The Full Cost of Making Glucose
One turn of the Calvin cycle fixes one carbon atom and produces one molecule of G3P (a three-carbon sugar). Since glucose contains six carbons, the cycle must turn six times to produce enough material for one glucose molecule. The total bill:
- 6 CO₂ molecules, providing all six carbon atoms
- 18 ATP molecules (12 during reduction, 6 during regeneration)
- 12 NADPH molecules (all during reduction)
Every one of those ATP and NADPH molecules was originally built using light energy. So while the Calvin cycle itself doesn’t need light, it cannot run without the products that light generates.
How the Cycle Knows When to Run
Because the Calvin cycle depends on ATP and NADPH from the light reactions, it effectively only operates during the day. But the plant doesn’t just rely on running out of fuel to stop the cycle at night. Four of the eleven enzymes involved in the cycle are actively switched off in the dark through a chemical signaling system.
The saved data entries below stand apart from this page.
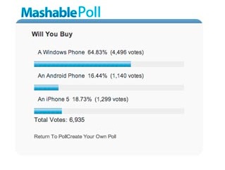 Voici ces résultats. D'abord Mashable avec près de 65 % des votes pour un Windows Phone
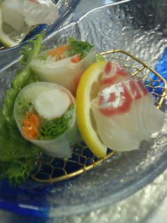 鯛、 海老、京水菜、人参、じゃが芋、胡瓜
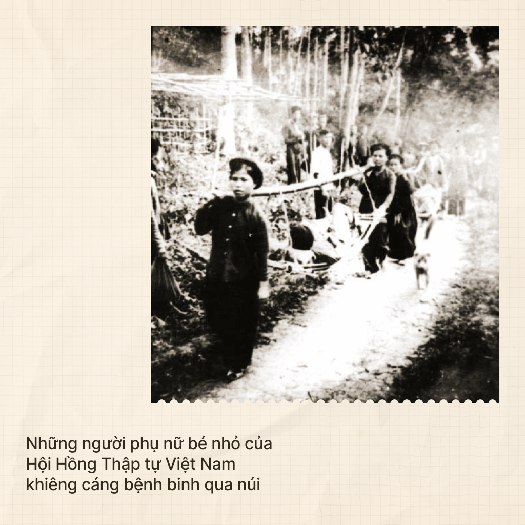 Cũng từ chiến dịch Điện Biên Phủ, hình ảnh những người phụ nữ bé nhỏ của Hội Hồng Thập tự Việt Nam (tiền thân của Hội Chữ thập đỏ Việt Nam) khiêng cáng bệnh binh trên những ngọn núi hiểm trở đã trở thành dấu ấn nhân đạo ấn tượng của Việt Nam.
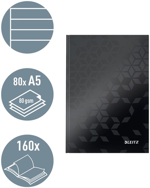 Notitieboek Leitz WOW A5 160blz 90gr lijn ijsblauw
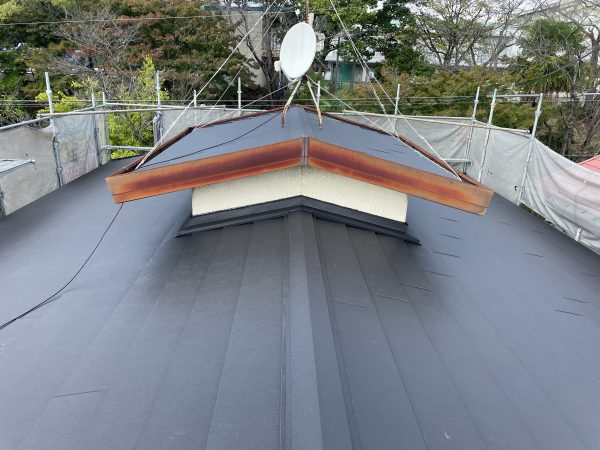 防水シートの上から新しい金属屋根材を重ねて固定。職人が丁寧に施工し、美しい仕上がりを目指しました。
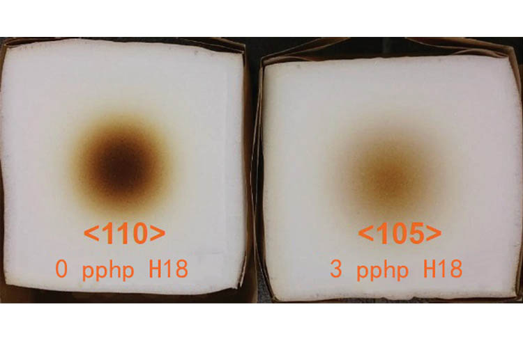 與市場(chǎng)上的其他硬化添加劑不同,nt add h18可顯著提高硬度,同時(shí)不影響泡沫的孔結(jié)構(gòu)。當(dāng)nt add h18添加到配方中時(shí),沒有必要改變tdi或錫的量來維持開孔結(jié)構(gòu)。使用量為1至5pphp,取決于所需的硬度增加。取決于泡沫密度,配方和生產(chǎn)參數(shù),可以在不顯著改變孔結(jié)構(gòu)的情況下提高35%的硬度。

When light hits the chloroplast, the photosynthetic machinery generates a chain of electron transfers that ultimately activates a small protein called thioredoxin. Thioredoxin flips a molecular switch on key Calvin cycle enzymes, changing their shape and turning them on. In the dark, that switch reverts, and the enzymes go dormant. This prevents the cycle from running wastefully when no ATP or NADPH is being produced.
Why RuBisCO Matters So Much
RuBisCO is the only enzyme responsible for pulling CO₂ out of the air and into the cycle, making it the gateway for virtually all carbon that enters the food chain. Despite its importance, it works slowly, processing only a few molecules per second compared to hundreds or thousands for most enzymes. Plants compensate by producing enormous quantities of it, which is why RuBisCO makes up roughly 25 to 50 percent of all protein in a leaf.
RuBisCO also has an imperfect aim. It occasionally grabs oxygen instead of CO₂, triggering a wasteful side process called photorespiration that costs the plant energy without producing sugar. This is one reason why some plants have evolved alternative strategies to concentrate CO₂ near RuBisCO, reducing its error rate and boosting the efficiency of the Calvin cycle overall.